Spicy Dry Rub

It’s hard to judge the tastiness of a rub because it’s not like you just … eat it. You know? But after using it on a pork butt roast, I am fairly confident that I can accurately judge the taste. And I would categorize it as awesome. I patted this rub all over my pork butt and then roasted it for a few hours. The rub got singed into the outside of the roast and the though the roast itself was delightful, the best part about it was the parts of the roast crusted with this rub. I just couldn’t get enough of it!

The rub couldn’t be easier to make.

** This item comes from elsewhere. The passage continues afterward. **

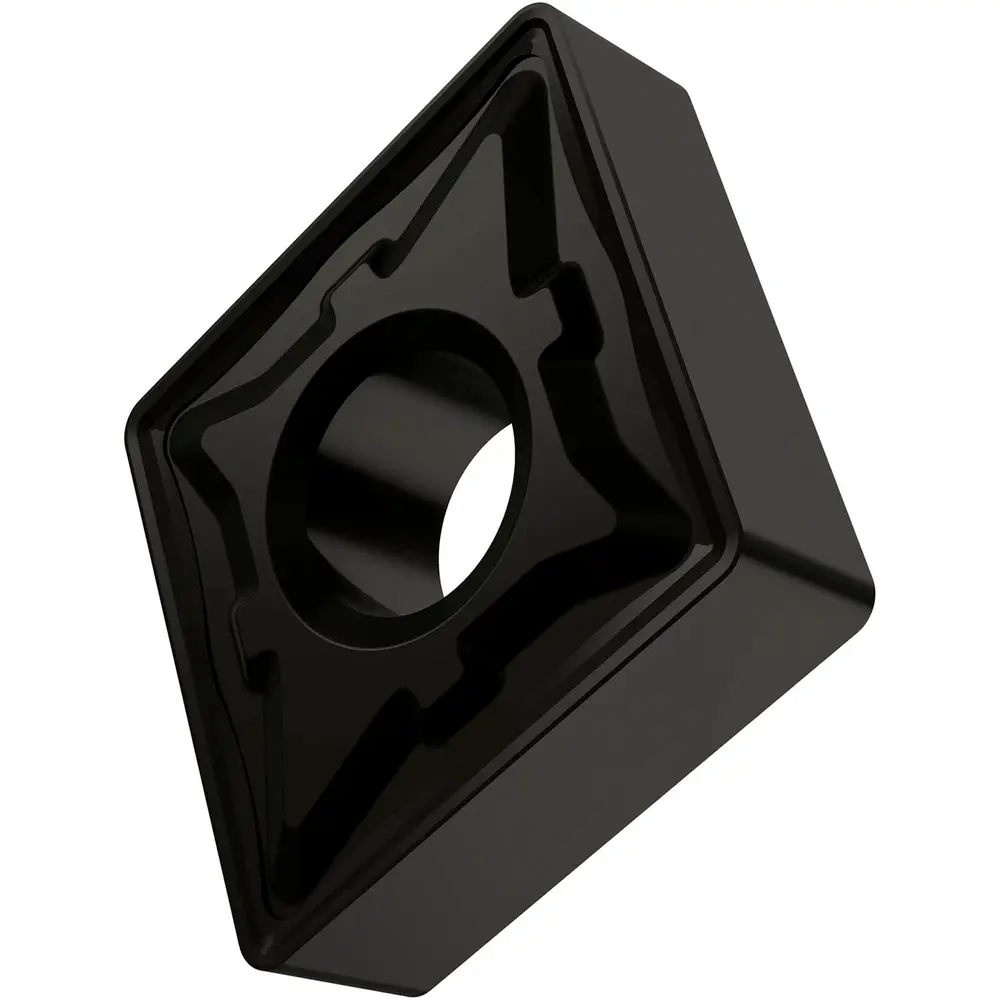 Двусторонняя негативная токарная пластина, ромбовидная 80° с диаметром вписанной окружности 12,7 мм, толщиной 4,76 мм, радиусом при вершине 1,2 мм, точностью индексации в соответствии с классом допуска ISO-M, стружколомом R со скругленными режущими кромками, из сплава T9325, функционально классифицированного твердого сплава WC-Co с покрытием MT-CVD в диапазоне ISO P15 -P35, для средней и тяжелой обработки сталей.

Just mix the ingredients together and store in a jar until you’re ready to pat it onto your meat.


  • 4 tsp. dried rosemary, broken
  • 4 tsp. dry mustard
  • 2 tsp. onion powder
  • 2 tsp. ground cumin
  • 2 tsp. ground turmeric
  • 2 teaspoons paprika
  • 1 ½ tsp. sea salt
  • 1 ½ tsp. dried garlic
  • 1 ½ tsp. ancho chili powder
  • 1 tsp. ground cayenne pepper
  • 1 tsp. dried thyme
  • 1 tsp. freshly ground pepper


Combine all ingredients in a bowl and mix well. Makes about 1/2 cup. Store in a glass jar or other airtight container if not immediately using.